En effet dans ces communes à majorité francophone mais situées en Flandre, la région néerlandophone, les élus locaux devaient voter une motion en trois points, exigeant la nomination définitive des maires sanctionnés par l’autorité régionale flamande parce qu’ils avaient envoyés des convocations électorales en français aux communales de 2006. La motion réclamait aussi le rattachement de ces communes à la Région Bruxelloise et revendiquait le droit de s’exprimer en français au Conseil communal.

Lorsqu’un des conseillers municipaux commence à lire en français la première de ces exigences, il est interrompu par l’eurodéputé et président du Vlaams Belang, Frank Van Heck, sous prétexte qu’il faut respecter la loi qui consacre seulement l’usage du néerlandais.

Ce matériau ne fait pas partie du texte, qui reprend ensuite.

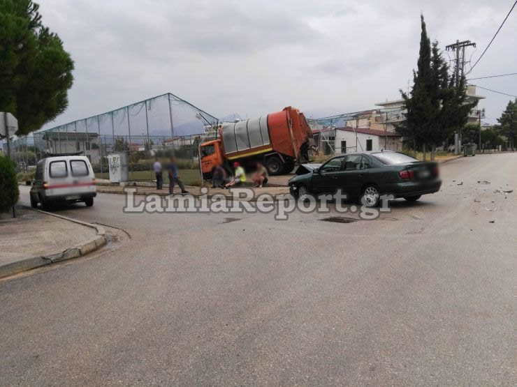 Τροχαίο ατύχημα σημειώθηκε το πρωί στη Λαμία, στη συμβολή των οδών Π. Ευθυμιάδη και Κατσούδα, μεταξύ ενός ΙΧ και ενός απορριμματοφόρου.
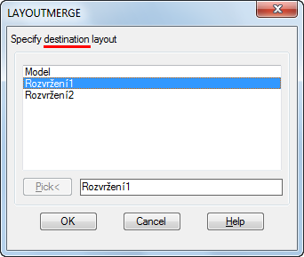 Specify destination layout or [?] <Model>: Určete název existujícího rozvržení nebo zadejte nový název, chcete-li vytvořit nové rozvržení.
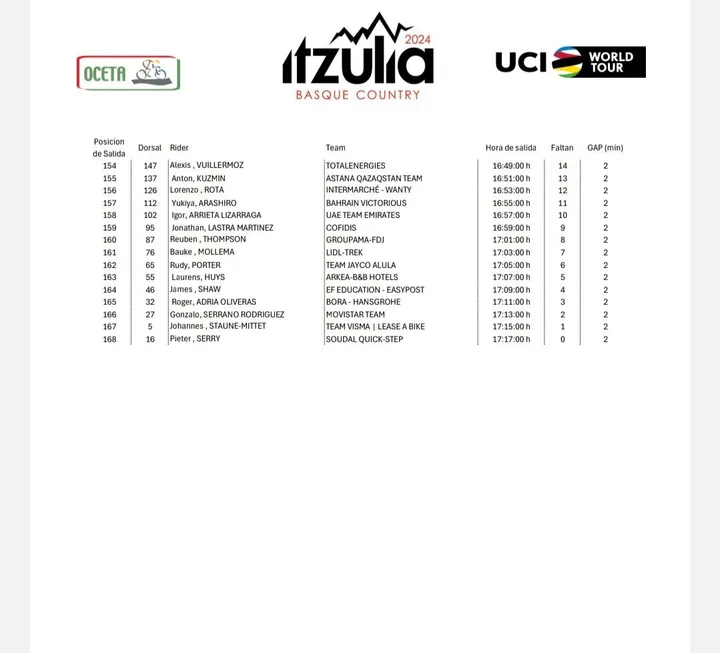 Damien Howson, da Q36.5 Pro Cycling Team, será o primeiro ciclista a sair da rampa de partida, às 14h10, enquanto Pieter Serry, da Soudal - Quick-Step, será o último, às 17h17;
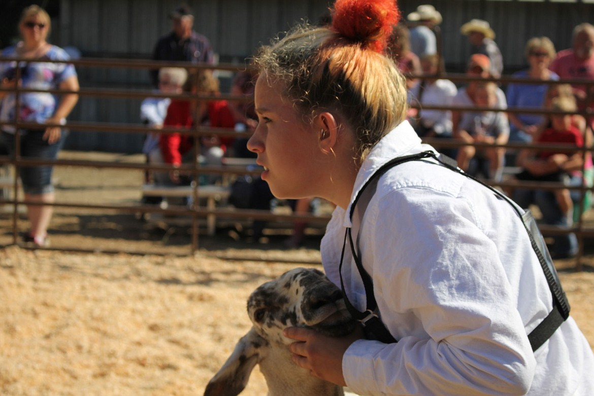 The most popular category, pigs, were primarily Duroc and Hampshire mix. With a few Yorkshire breeds in the blend. Crispy Bacon, Toots, Sara Lee, Lola, Nemo, Virginia (Ham), Pig Newton, Blueberry, Gumbi, and Dory grunted, squealed, and strutted around the pen. While Abbi Boggess, from Great Falls, judged the pork for body weight, size, and structure.
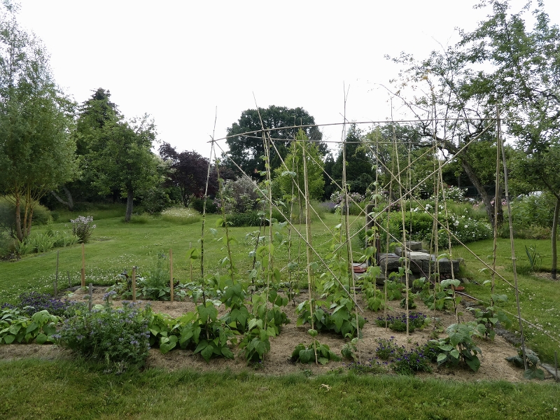 Die Stangenbohnen sind oben angekommen, die Buschbohnen sind ähnlich wie der Sellerie immer wieder von Vögeln abgerupft oder gleich ganz rausgerissen worden. Die Überlebenden der ersten Aussaat beginnen zu blühen, die dritte Saat keimt gerade ...
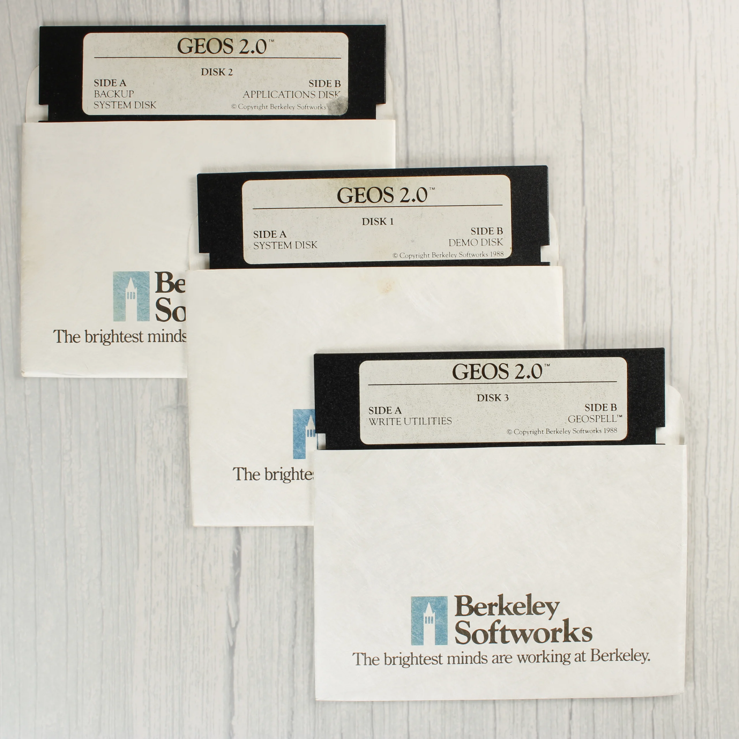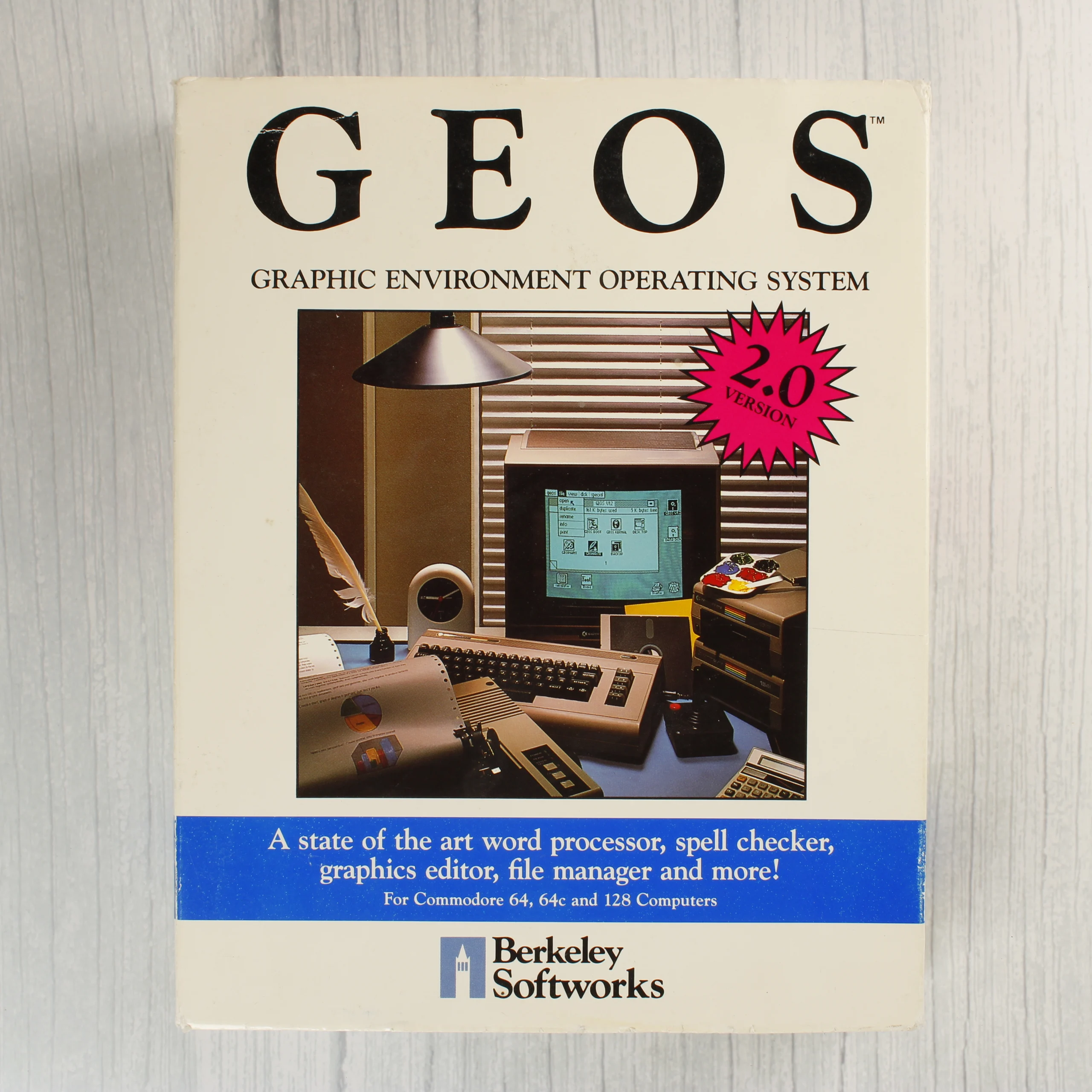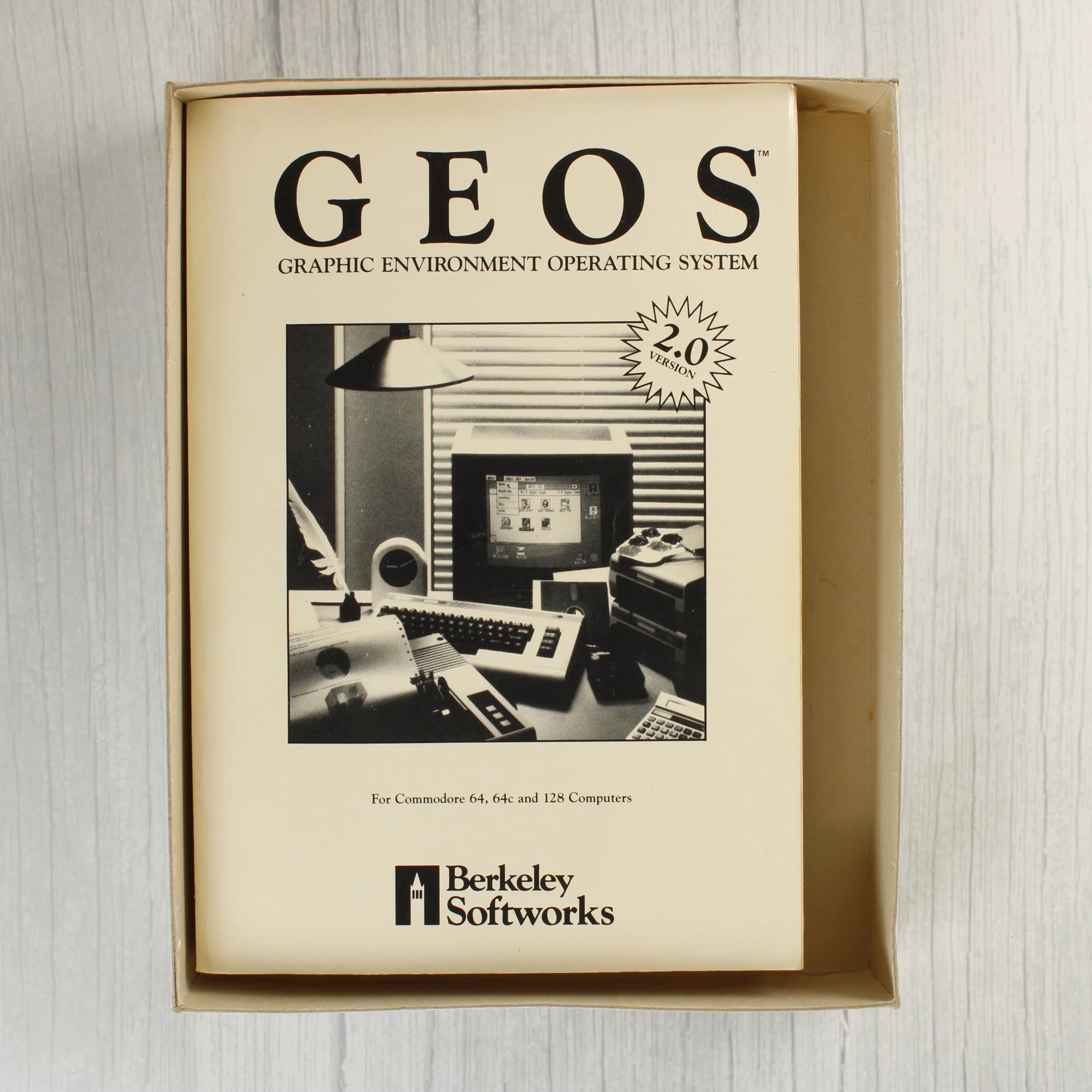 A Berkeley Softworks által kiadott GEOS 2.0 operációs rendszer Commodore 64, 64c és 128 számítógépekhez. A csomag tartalmazza az eredeti kartondobozt, egy vaskos felhasználói kézikönyvet és három darab 5,25 colos floppy lemezt papírtokban. A szoftver grafikus környezetet, szövegszerkesztőt (geoWrite), rajzprogramot (geoPaint) és egyéb segédprogramokat kínál. A doboz elején színes illusztráció látható egy korabeli számítógépes munkaállomásról, a hátoldalon pedig részletes leírás olvasható a funkciókról és a rendszerkövetelményekről. A lemezeken a GEOS 2.0 felirat, valamint a lemez sorszáma és az oldalak tartalma (System Disk, Applications Disk, Write Utilities stb.) szerepel.
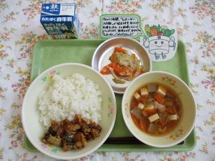 16日の給食は、ごはん、さんまのかばやき風、けんちん汁、キャベツの梅和え、牛乳です。今が旬の「さんま」を食べます。さんまは、冬から春にかけて北の海へ、夏から秋にかけて、南の海に移動します。さんまの旬は、夏から秋。脂がのって一番おいしいです。
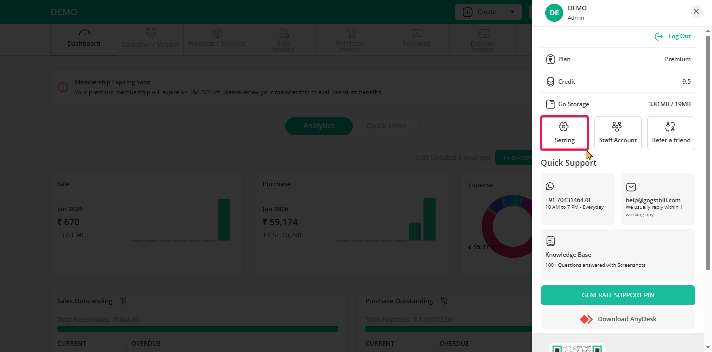 Step 1: Click on the user profile icon from the top-right bar and then click on the “Settings” option.
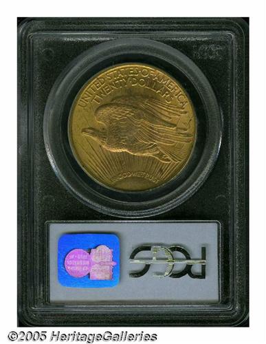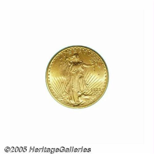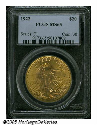 <B>1922<$20> MS65 PCGS.</B></I> Satiny with rich golden coloration and a few tiny alloy stains here and there. While not particularly scarce in Mint State, the percentage of coins that merits a Gem rating is extremely low.
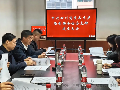 党建领航食安路 凝心聚力启新程 —— 中共四川省食品生产经营安全协会支部成立大会圆满召开发表时间:2025-12-05 10:18 党旗飘扬映初心,砥砺奋进担使命。2025 年 12 月 1 日中共四川省食品生产经营安全协会支部成立大会在协会会议室隆重召开。会议由协会秘书长、支部书记吉礼主持,省市场监管局社会组织联合党委书记李晋川同志、省市场监管局社会组织联合党委委员,食品生产处处长张泽军、四川省食品生产经营安全协会、四川省乡村餐饮业协会相关负责人及工作人员进行了发言。
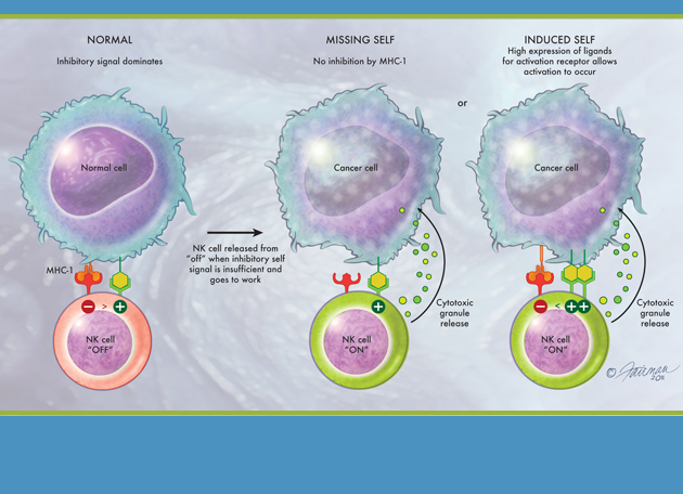 A major leap in thinking then was required to realize that NK cells bind to MHC-1 just as T-cells do, but work in the opposite fashion. “When an NK cell sees an MHC-1 molecule, it doesn’t note that there is a foreign peptide being displayed. Instead, its job is to patrol for self, and when it binds to MHC-1, the NK cell is shut off,” Yokoyama explains. “Only when the self signal is insufficient is the NK cell released from its ‘off’ condition and freed to do its work.” That’s vitally important information, because viruses have evolved to depress MHC-1 in their attempt to evade T-cells. So NK cells serve an important role as a fail-safe in the immune system, effective when another of the body’s defenses has been blinded by tricky infections.
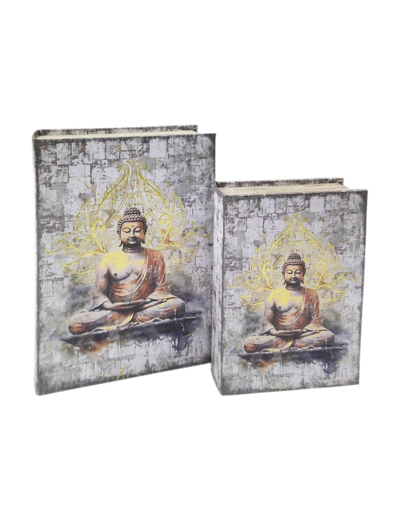Boite en forme de Livre Set de 2 Décoration Bouddha couleur Gris et Doré
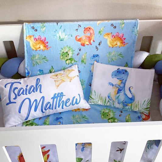 Cot Bedding - Blue Mustard Dinosaur Set 02
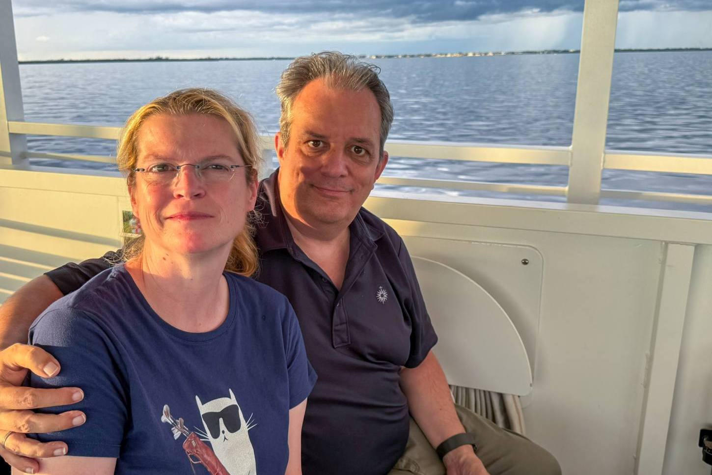 Dann kam der Höhepunkt: Der Sonnenuntergang. Der Captain positionierte das Boot perfekt, drehte langsam, damit jeder die beste Sicht hatte. Der Himmel präsentierte seine Farben – intensives Orange, Pink und Violett spiegelten sich im ruhigen Wasser. Die Silhouetten der Mangroven und ferner Boote machten das Bild perfekt. Ivonne und ich saßen oben auf dem offenen Deck, ein kühles Getränk in der Hand, und genossen diesen friedlichen Moment. Es war eines dieser Erlebnisse, die Florida so besonders machen: Die Natur zeigt sich von ihrer spektakulärsten Seite, ohne viel Aufhebens.

Le néerlandais est la seule langue officielle au nord en Flandre, en Wallonie c’est le français, on parle l’allemand dans les cantons de l’est. Seule Bruxelles est bilingue. Mais dans les six communes de la périphérie flamande de Bruxelles une exception est faite. Souvent ont y parle les deux langues. Ces communes disposent du statut dit “de communes à facilités”, leurs habitants ont le droit de s’adresser à leur administration en français. Ces facilités sont inscrites dans la constitution, bétonnées, sans limite dans le temps, selon le directeur général du CRISP, Vincent de Correbyter, mais pour certains, elles ne sont que temporaires: “Il y a cette interprétation du coté flamand selon laquelle la philosophie du statut, c’est permettre aux francophones en Flandre, et vice-versa, de s’adapter le temps d’une génération, pour pouvoir faire disparaitre ensuite le régime des facilités.”

De plus en plus nombreux dans la périphérie flamande de Bruxelles, les francophones sont pressés par les autorités flamandes de se mettre au néerlandais. Leur sort est l’une des grandes questions sur lesquelles butent les partis qui négocient depuis le 10 juin la formation d’un nouveau gouvernement en Belgique.